J Cardiol. 2022 Jul;80(1):1-8. doi: 10.1016/j.jjcc.2022.02.015. Epub 2022 Mar 10.

Abstract

BACKGROUND

Little is known about the overall diagnostic performance of computational fractional flow reserve (FFR) derived from angiography (Angio-FFR), intravascular ultrasound (IVUS-FFR), and optical coherence tomography (OCT-FFR) to detect hemodynamically significant coronary artery disease.
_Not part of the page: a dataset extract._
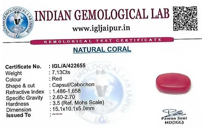 Natural Red Coral (Pavalam) weighing 7.13 carats In Oval from Italy

The present study aimed to evaluate the diagnostic performance of those novel physiologic indices using conventional FFR as the gold standard.

METHODS

PubMed and Embase were searched in September 2021 for a systematic review and meta-analysis of studies assessing the diagnostic performance of invasive imaging-derived FFR. The primary outcomes were the summary sensitivity, specificity, correlation coefficients of each index.

RESULTS

A total of 6572 records were initially identified and 49 studies were included in the final analysis (7010 lesions from 36 studies for Angio-FFR, 305 lesions from 5 studies for IVUS-FFR, and 667 lesions from 8 studies for OCT-FFR). Invasive imaging-derived FFR had a high diagnostic performance to detect functionally significant coronary lesions using conventional FFR as the gold standard [Angio-FFR, sensitivity 0.87 (95% CI 0.84-0.89), specificity 0.93 (95% CI 0.910.95); IVUS-FFR, sensitivity 0.90 (95% CI 0.84-0.94), specificity 0.95 (95% CI 0.90-0.98); OCT-FFR, sensitivity 0.85 (95% CI 0.78-0.91), specificity 0.93 (95% CI 0.89-0.95)]. The summary correlation coefficients of Angio-, IVUS-, and OCT-FFRs with wire-based FFR were 0.83 (95% CI 0.80-0.85), 0.85 (95% CI 0.79-0.91), and 0.80 (95% CI 0.74-0.86), respectively.

CONCLUSIONS

This meta-analysis demonstrated that computational FFR derived from invasive coronary imaging has clinically acceptable diagnostic performances irrespective of modalities, supporting their applicability to clinical practice.

摘要

背景

目前对于通过血管造影(Angio-FFR)、血管内超声(IVUS-FFR)和光学相干断层扫描(OCT-FFR)获得的计算性血流储备分数(FFR)在检测血流动力学意义重大的冠状动脉疾病方面的整体诊断性能知之甚少。本研究旨在评估这些新型生理指标的诊断性能,以常规 FFR 为金标准。

方法

2021 年 9 月,我们对评估血管内成像衍生 FFR 诊断性能的研究进行了系统评价和荟萃分析,检索了 PubMed 和 Embase。主要结局为各指标的汇总敏感性、特异性、相关系数。

结果

共确定了 6572 条记录,最终分析纳入了 49 项研究(36 项研究的 7010 个病变用于 Angio-FFR,5 项研究的 305 个病变用于 IVUS-FFR,8 项研究的 667 个病变用于 OCT-FFR)。使用常规 FFR 作为金标准,血管内成像衍生的 FFR 对检测功能性意义重大的冠状动脉病变具有较高的诊断性能[Angio-FFR,敏感性 0.87(95%CI 0.84-0.89),特异性 0.93(95%CI 0.91-0.95);IVUS-FFR,敏感性 0.90(95%CI 0.84-0.94),特异性 0.95(95%CI 0.90-0.98);OCT-FFR,敏感性 0.85(95%CI 0.78-0.91),特异性 0.93(95%CI 0.89-0.95)]。Angio、IVUS 和 OCT-FFR 与导丝 FFR 的汇总相关系数分别为 0.83(95%CI 0.80-0.85)、0.85(95%CI 0.79-0.91)和 0.80(95%CI 0.74-0.86)。

结论

本荟萃分析表明,无论采用何种方式,源自血管内冠状动脉成像的计算性 FFR 均具有可接受的临床诊断性能,支持其在临床实践中的应用。